The Department of Education makes a point of stressing that teachers are not replaceable, but some of their tasks could potentially be replaced by AI. 

Hatty Symington, 33, teacher at CLIP, an international school in Porto said: “Nonfiction texts and information reports are quite time consuming, collating all the information and making it appropriate for your individual class.

“So if you were able to do that with AI, that would save you so much time.”

As AI becomes more widely used in the classroom, data privacy and security are just two potential risks, and the UK’s Information Commissioner’s Office (ICO) highlighted the importance of protecting personal data in educational settings in 2021.
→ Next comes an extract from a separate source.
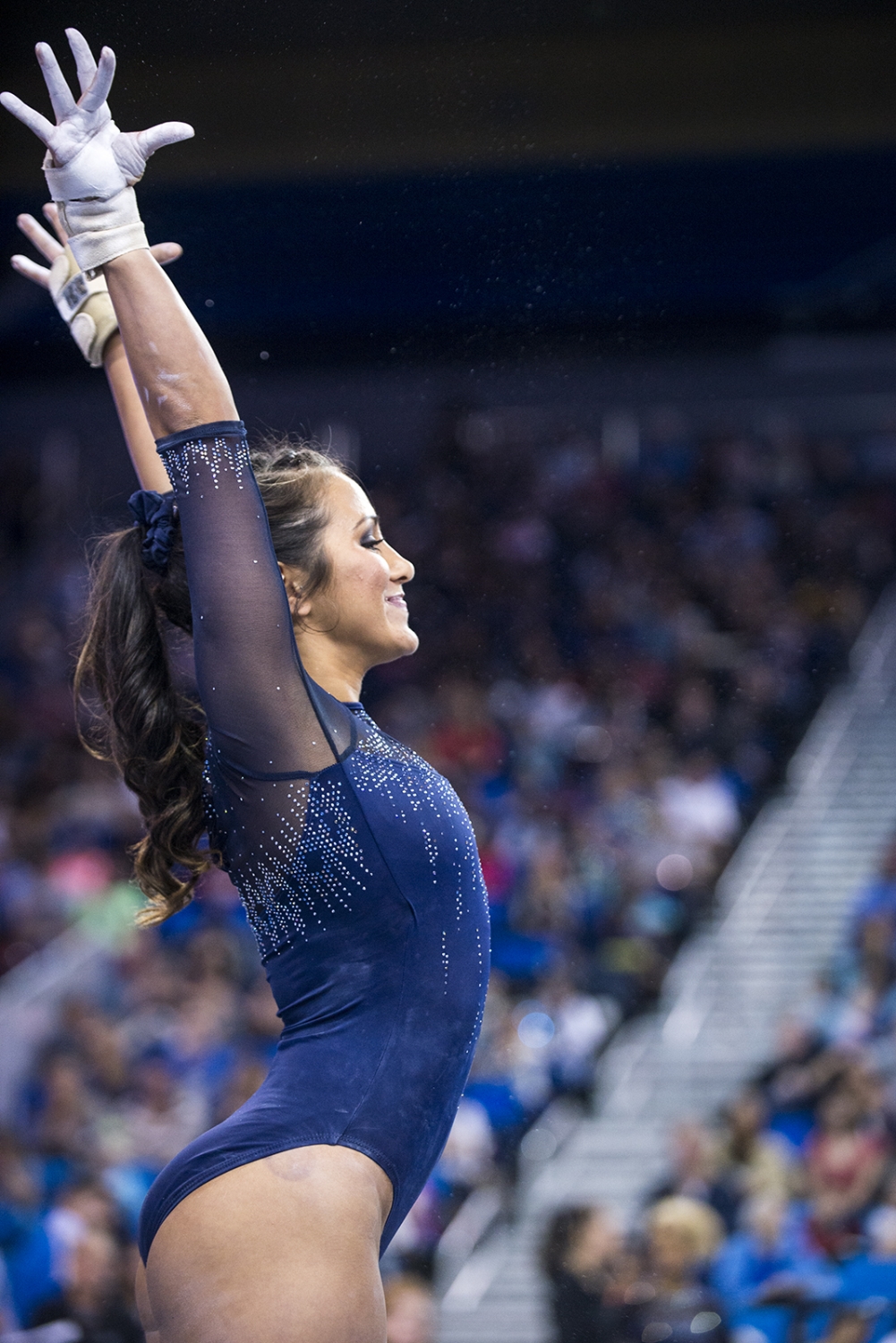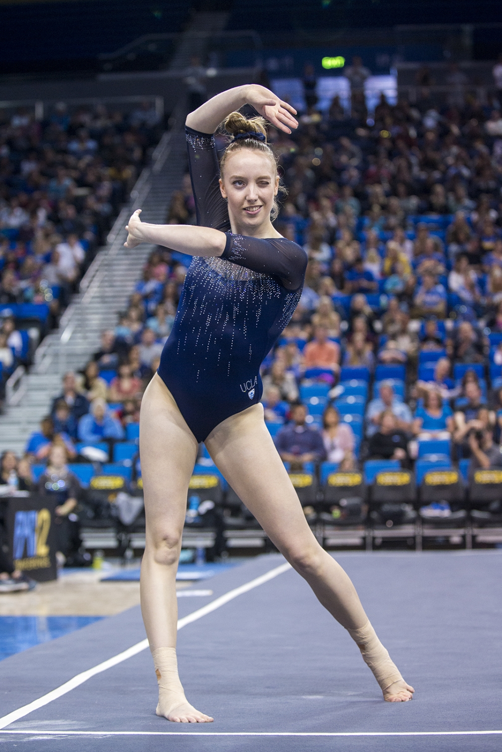 Sophomore Jennifer Pinches scored a 9.675 on floor exercise.

Symington said: “You have to make sure you know exactly what you’re doing before showing it to the kids because you don’t want something inappropriate to come up.

“I guess we would just check and make sure that there’s no safeguarding issues or anything inappropriate before you give it to the children.”

The Department of Education recognises that an unplanned or unstructured use of AI in the classroom could cause concerns about misusing machine learning.

“I can understand that people are uneasy about it,” Ship said.

“They think it’s cheating or think if you haven’t put all the thought into it yourself, then you’re somehow doing the children a disservice, which I think is nonsense.

“It can’t be creative, it can’t have good ideas but if you have a good idea, you can get it to support you and tailor things in a really simple, straightforward, and more importantly, fast way.”

A study from last year by the DfE saw 25% more primary and secondary teachers using generative AI in their lessons.

James Stiles, 33, a creative arts department technician, understands the potential efficiencies and time-savings for already overstretched teachers, but is less sure about how it should be introduced to students.

He said: “I think if there’s any tech savvy teachers out there in the UK, absolutely use AI to help you design lessons or streamline classroom management.”

Stiles believes it’s a powerful tool that doesn’t take away from the essence of education, as long as the teachers are engaging and putting in their best effort.

He said: “Like it or not, we will all end up adopting AI, in some shape or form.”